WHAT TO WORK ON: Your reply should contain the whole listing below, repeated exactly, and no images.

PROVIDED MATERIAL:
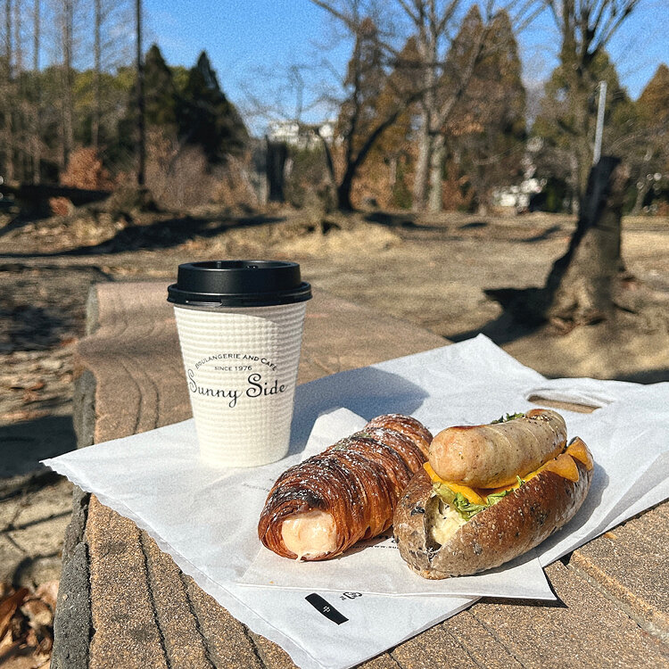 公園ではホットドッグ、いちご好きのいちごミルクカスタードクローネを頂きました。
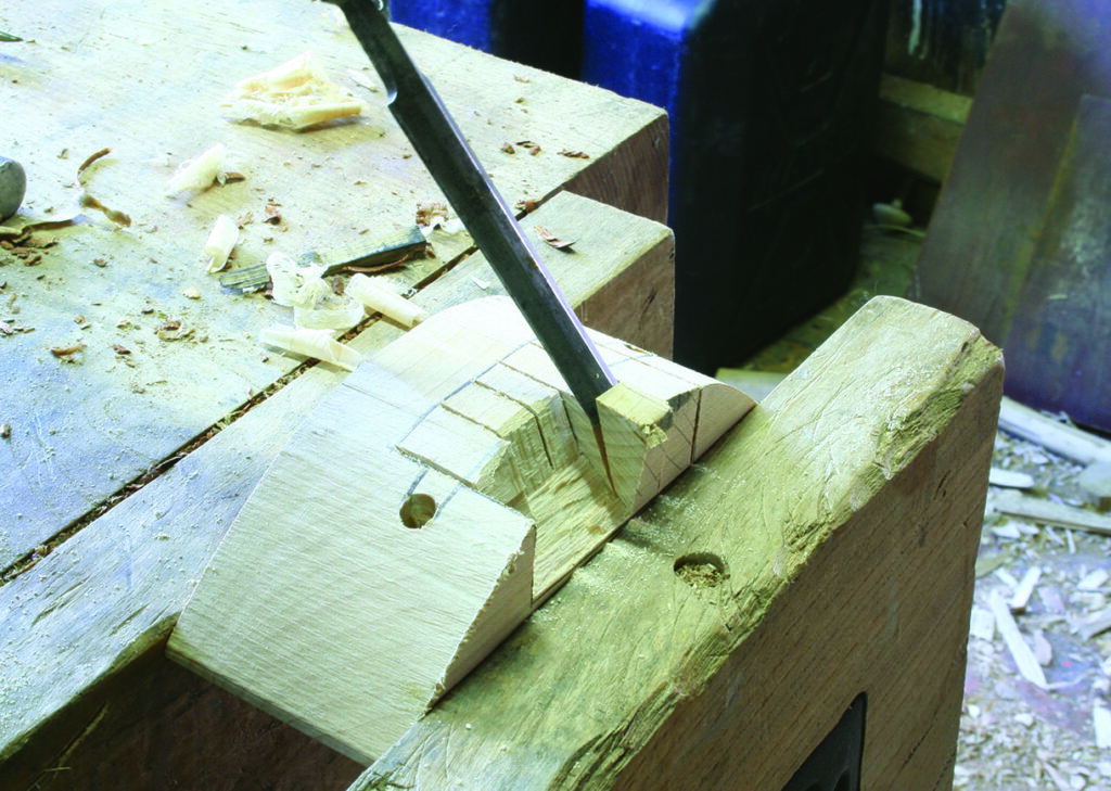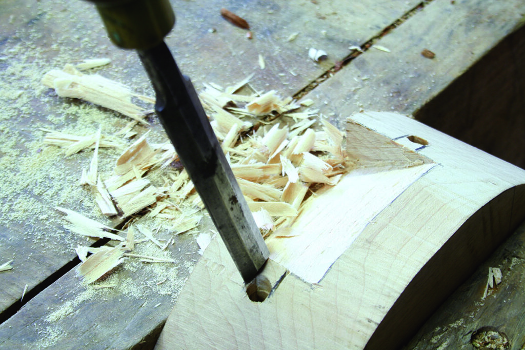 13. Knock away most of the waste using the chisel and mallet. Use the chisel to pare away the rest of it. You need a smooth surface where the shavings will travel away from the body, as shavings will catch on any rough areas and quickly clog up the travisher.
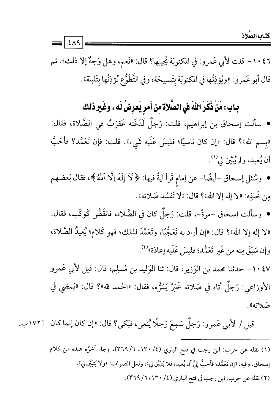 • سألت إسحاق بن إبراهيم، قلت: رَجلٌ لَدَغَته عَقرَبٌ في الصَّلاة، فقال: «بِسم الله»؟ قال: «إن كان ناسيًا؛ فليسَ عَلَيه شَيء». قلت: فإن تَعَمَّد؟ فأحَبَّ أن يُعيد، ولم يُبَيِّن لي.
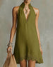SPÉCIFICATIONS Style: Décontracté Matériel: 80% Coton 20% Lin Type de la robe: A-Line Longueur de la robe: Au-dessus du genou Forme du col: Col rond Type du dessin: Couleur pure Type de la manche: Manches régulières Longueur de la manche: Manches courtes Détails: Poche,Fermeture éclair Type d'ajustement: Habituel Saison: Printemps,Été Occasi...

RESPONSE TO THIS EXERCISE:
 公園ではホットドッグ、いちご好きのいちごミルクカスタードクローネを頂きました。
 13. Knock away most of the waste using the chisel and mallet. Use the chisel to pare away the rest of it. You need a smooth surface where the shavings will travel away from the body, as shavings will catch on any rough areas and quickly clog up the travisher.
 • سألت إسحاق بن إبراهيم، قلت: رَجلٌ لَدَغَته عَقرَبٌ في الصَّلاة، فقال: «بِسم الله»؟ قال: «إن كان ناسيًا؛ فليسَ عَلَيه شَيء». قلت: فإن تَعَمَّد؟ فأحَبَّ أن يُعيد، ولم يُبَيِّن لي.
SPÉCIFICATIONS Style: Décontracté Matériel: 80% Coton 20% Lin Type de la robe: A-Line Longueur de la robe: Au-dessus du genou Forme du col: Col rond Type du dessin: Couleur pure Type de la manche: Manches régulières Longueur de la manche: Manches courtes Détails: Poche,Fermeture éclair Type d'ajustement: Habituel Saison: Printemps,Été Occasi...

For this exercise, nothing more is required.